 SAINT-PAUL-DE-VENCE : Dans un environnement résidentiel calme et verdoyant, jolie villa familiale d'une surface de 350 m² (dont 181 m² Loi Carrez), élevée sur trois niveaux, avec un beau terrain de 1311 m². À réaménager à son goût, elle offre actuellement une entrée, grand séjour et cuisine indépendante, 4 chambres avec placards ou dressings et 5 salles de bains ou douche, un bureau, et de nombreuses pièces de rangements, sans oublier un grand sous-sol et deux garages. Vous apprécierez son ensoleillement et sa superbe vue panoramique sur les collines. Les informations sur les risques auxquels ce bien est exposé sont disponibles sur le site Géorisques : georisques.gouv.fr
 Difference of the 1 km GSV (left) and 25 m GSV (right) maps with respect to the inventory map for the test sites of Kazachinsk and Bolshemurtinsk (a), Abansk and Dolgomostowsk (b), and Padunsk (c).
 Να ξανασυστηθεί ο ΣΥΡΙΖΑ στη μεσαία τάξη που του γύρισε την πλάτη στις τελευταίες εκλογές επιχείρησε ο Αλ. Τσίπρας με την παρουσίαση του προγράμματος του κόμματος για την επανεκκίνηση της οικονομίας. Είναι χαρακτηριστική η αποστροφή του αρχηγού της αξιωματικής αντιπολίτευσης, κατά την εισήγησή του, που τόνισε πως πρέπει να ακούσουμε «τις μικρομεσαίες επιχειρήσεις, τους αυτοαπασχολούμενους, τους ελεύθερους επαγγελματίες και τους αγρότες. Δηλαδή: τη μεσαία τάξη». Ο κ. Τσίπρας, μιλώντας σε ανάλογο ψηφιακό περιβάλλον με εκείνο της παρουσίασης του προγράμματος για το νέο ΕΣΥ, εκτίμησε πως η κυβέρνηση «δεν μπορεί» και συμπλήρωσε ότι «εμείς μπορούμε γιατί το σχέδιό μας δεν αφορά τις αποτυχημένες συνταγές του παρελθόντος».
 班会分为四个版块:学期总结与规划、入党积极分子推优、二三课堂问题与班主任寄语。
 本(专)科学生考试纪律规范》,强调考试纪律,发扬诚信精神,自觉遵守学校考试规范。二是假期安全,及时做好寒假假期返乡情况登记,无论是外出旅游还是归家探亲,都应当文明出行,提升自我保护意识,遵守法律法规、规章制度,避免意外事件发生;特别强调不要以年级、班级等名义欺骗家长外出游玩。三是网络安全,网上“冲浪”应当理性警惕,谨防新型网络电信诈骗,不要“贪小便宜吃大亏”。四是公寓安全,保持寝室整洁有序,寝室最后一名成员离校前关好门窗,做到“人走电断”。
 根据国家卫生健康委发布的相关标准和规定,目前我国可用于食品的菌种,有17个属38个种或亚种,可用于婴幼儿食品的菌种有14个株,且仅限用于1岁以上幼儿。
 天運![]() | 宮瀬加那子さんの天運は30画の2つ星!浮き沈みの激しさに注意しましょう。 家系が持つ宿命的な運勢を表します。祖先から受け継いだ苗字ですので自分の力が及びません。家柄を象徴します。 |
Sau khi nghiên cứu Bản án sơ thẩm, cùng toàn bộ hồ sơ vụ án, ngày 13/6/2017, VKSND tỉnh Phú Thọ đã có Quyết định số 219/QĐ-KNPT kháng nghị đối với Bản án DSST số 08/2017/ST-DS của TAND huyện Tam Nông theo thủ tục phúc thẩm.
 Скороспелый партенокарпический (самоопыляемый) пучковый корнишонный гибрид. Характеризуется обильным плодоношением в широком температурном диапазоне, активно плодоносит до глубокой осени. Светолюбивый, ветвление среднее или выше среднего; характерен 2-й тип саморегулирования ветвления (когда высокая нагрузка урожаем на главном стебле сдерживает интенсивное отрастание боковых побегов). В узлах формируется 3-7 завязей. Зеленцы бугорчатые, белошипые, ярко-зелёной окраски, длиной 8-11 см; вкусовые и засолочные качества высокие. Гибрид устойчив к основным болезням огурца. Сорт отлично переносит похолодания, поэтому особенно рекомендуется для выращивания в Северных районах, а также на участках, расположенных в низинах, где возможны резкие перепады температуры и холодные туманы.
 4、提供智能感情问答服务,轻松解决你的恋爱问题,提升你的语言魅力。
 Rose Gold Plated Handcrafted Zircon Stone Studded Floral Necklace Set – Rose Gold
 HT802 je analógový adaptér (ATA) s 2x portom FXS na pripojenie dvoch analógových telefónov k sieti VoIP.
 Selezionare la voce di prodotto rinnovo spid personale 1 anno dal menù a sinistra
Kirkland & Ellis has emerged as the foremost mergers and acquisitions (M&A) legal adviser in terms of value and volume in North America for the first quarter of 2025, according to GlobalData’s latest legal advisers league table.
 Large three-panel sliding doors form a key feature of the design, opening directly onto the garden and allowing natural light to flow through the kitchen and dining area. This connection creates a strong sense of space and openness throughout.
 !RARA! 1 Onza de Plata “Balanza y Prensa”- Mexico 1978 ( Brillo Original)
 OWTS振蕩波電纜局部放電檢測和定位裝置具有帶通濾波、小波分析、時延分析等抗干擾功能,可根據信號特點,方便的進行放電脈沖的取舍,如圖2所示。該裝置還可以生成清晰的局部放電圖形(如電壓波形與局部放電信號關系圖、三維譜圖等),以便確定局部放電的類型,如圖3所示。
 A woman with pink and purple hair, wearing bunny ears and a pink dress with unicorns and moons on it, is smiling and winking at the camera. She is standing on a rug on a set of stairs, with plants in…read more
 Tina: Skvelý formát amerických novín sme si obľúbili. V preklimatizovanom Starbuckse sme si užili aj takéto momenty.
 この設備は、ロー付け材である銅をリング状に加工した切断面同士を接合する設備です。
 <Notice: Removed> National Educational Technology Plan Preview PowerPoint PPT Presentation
########################################
(TASK TO CARRY OUT) Each line of the records above must be copied exactly.

(SOLUTION FOR THIS PROBLEM)
 SAINT-PAUL-DE-VENCE : Dans un environnement résidentiel calme et verdoyant, jolie villa familiale d'une surface de 350 m² (dont 181 m² Loi Carrez), élevée sur trois niveaux, avec un beau terrain de 1311 m². À réaménager à son goût, elle offre actuellement une entrée, grand séjour et cuisine indépendante, 4 chambres avec placards ou dressings et 5 salles de bains ou douche, un bureau, et de nombreuses pièces de rangements, sans oublier un grand sous-sol et deux garages. Vous apprécierez son ensoleillement et sa superbe vue panoramique sur les collines. Les informations sur les risques auxquels ce bien est exposé sont disponibles sur le site Géorisques : georisques.gouv.fr
 Difference of the 1 km GSV (left) and 25 m GSV (right) maps with respect to the inventory map for the test sites of Kazachinsk and Bolshemurtinsk (a), Abansk and Dolgomostowsk (b), and Padunsk (c).
 Να ξανασυστηθεί ο ΣΥΡΙΖΑ στη μεσαία τάξη που του γύρισε την πλάτη στις τελευταίες εκλογές επιχείρησε ο Αλ. Τσίπρας με την παρουσίαση του προγράμματος του κόμματος για την επανεκκίνηση της οικονομίας. Είναι χαρακτηριστική η αποστροφή του αρχηγού της αξιωματικής αντιπολίτευσης, κατά την εισήγησή του, που τόνισε πως πρέπει να ακούσουμε «τις μικρομεσαίες επιχειρήσεις, τους αυτοαπασχολούμενους, τους ελεύθερους επαγγελματίες και τους αγρότες. Δηλαδή: τη μεσαία τάξη». Ο κ. Τσίπρας, μιλώντας σε ανάλογο ψηφιακό περιβάλλον με εκείνο της παρουσίασης του προγράμματος για το νέο ΕΣΥ, εκτίμησε πως η κυβέρνηση «δεν μπορεί» και συμπλήρωσε ότι «εμείς μπορούμε γιατί το σχέδιό μας δεν αφορά τις αποτυχημένες συνταγές του παρελθόντος».
 班会分为四个版块:学期总结与规划、入党积极分子推优、二三课堂问题与班主任寄语。
 本(专)科学生考试纪律规范》,强调考试纪律,发扬诚信精神,自觉遵守学校考试规范。二是假期安全,及时做好寒假假期返乡情况登记,无论是外出旅游还是归家探亲,都应当文明出行,提升自我保护意识,遵守法律法规、规章制度,避免意外事件发生;特别强调不要以年级、班级等名义欺骗家长外出游玩。三是网络安全,网上“冲浪”应当理性警惕,谨防新型网络电信诈骗,不要“贪小便宜吃大亏”。四是公寓安全,保持寝室整洁有序,寝室最后一名成员离校前关好门窗,做到“人走电断”。
 根据国家卫生健康委发布的相关标准和规定,目前我国可用于食品的菌种,有17个属38个种或亚种,可用于婴幼儿食品的菌种有14个株,且仅限用于1岁以上幼儿。
 天運![]() | 宮瀬加那子さんの天運は30画の2つ星!浮き沈みの激しさに注意しましょう。 家系が持つ宿命的な運勢を表します。祖先から受け継いだ苗字ですので自分の力が及びません。家柄を象徴します。 |
Sau khi nghiên cứu Bản án sơ thẩm, cùng toàn bộ hồ sơ vụ án, ngày 13/6/2017, VKSND tỉnh Phú Thọ đã có Quyết định số 219/QĐ-KNPT kháng nghị đối với Bản án DSST số 08/2017/ST-DS của TAND huyện Tam Nông theo thủ tục phúc thẩm.
 Скороспелый партенокарпический (самоопыляемый) пучковый корнишонный гибрид. Характеризуется обильным плодоношением в широком температурном диапазоне, активно плодоносит до глубокой осени. Светолюбивый, ветвление среднее или выше среднего; характерен 2-й тип саморегулирования ветвления (когда высокая нагрузка урожаем на главном стебле сдерживает интенсивное отрастание боковых побегов). В узлах формируется 3-7 завязей. Зеленцы бугорчатые, белошипые, ярко-зелёной окраски, длиной 8-11 см; вкусовые и засолочные качества высокие. Гибрид устойчив к основным болезням огурца. Сорт отлично переносит похолодания, поэтому особенно рекомендуется для выращивания в Северных районах, а также на участках, расположенных в низинах, где возможны резкие перепады температуры и холодные туманы.
 4、提供智能感情问答服务,轻松解决你的恋爱问题,提升你的语言魅力。
 Rose Gold Plated Handcrafted Zircon Stone Studded Floral Necklace Set – Rose Gold
 HT802 je analógový adaptér (ATA) s 2x portom FXS na pripojenie dvoch analógových telefónov k sieti VoIP.
 Selezionare la voce di prodotto rinnovo spid personale 1 anno dal menù a sinistra
Kirkland & Ellis has emerged as the foremost mergers and acquisitions (M&A) legal adviser in terms of value and volume in North America for the first quarter of 2025, according to GlobalData’s latest legal advisers league table.
 Large three-panel sliding doors form a key feature of the design, opening directly onto the garden and allowing natural light to flow through the kitchen and dining area. This connection creates a strong sense of space and openness throughout.
 !RARA! 1 Onza de Plata “Balanza y Prensa”- Mexico 1978 ( Brillo Original)
 OWTS振蕩波電纜局部放電檢測和定位裝置具有帶通濾波、小波分析、時延分析等抗干擾功能,可根據信號特點,方便的進行放電脈沖的取舍,如圖2所示。該裝置還可以生成清晰的局部放電圖形(如電壓波形與局部放電信號關系圖、三維譜圖等),以便確定局部放電的類型,如圖3所示。
 A woman with pink and purple hair, wearing bunny ears and a pink dress with unicorns and moons on it, is smiling and winking at the camera. She is standing on a rug on a set of stairs, with plants in…read more
 Tina: Skvelý formát amerických novín sme si obľúbili. V preklimatizovanom Starbuckse sme si užili aj takéto momenty.
 この設備は、ロー付け材である銅をリング状に加工した切断面同士を接合する設備です。
 <Notice: Removed> National Educational Technology Plan Preview PowerPoint PPT Presentation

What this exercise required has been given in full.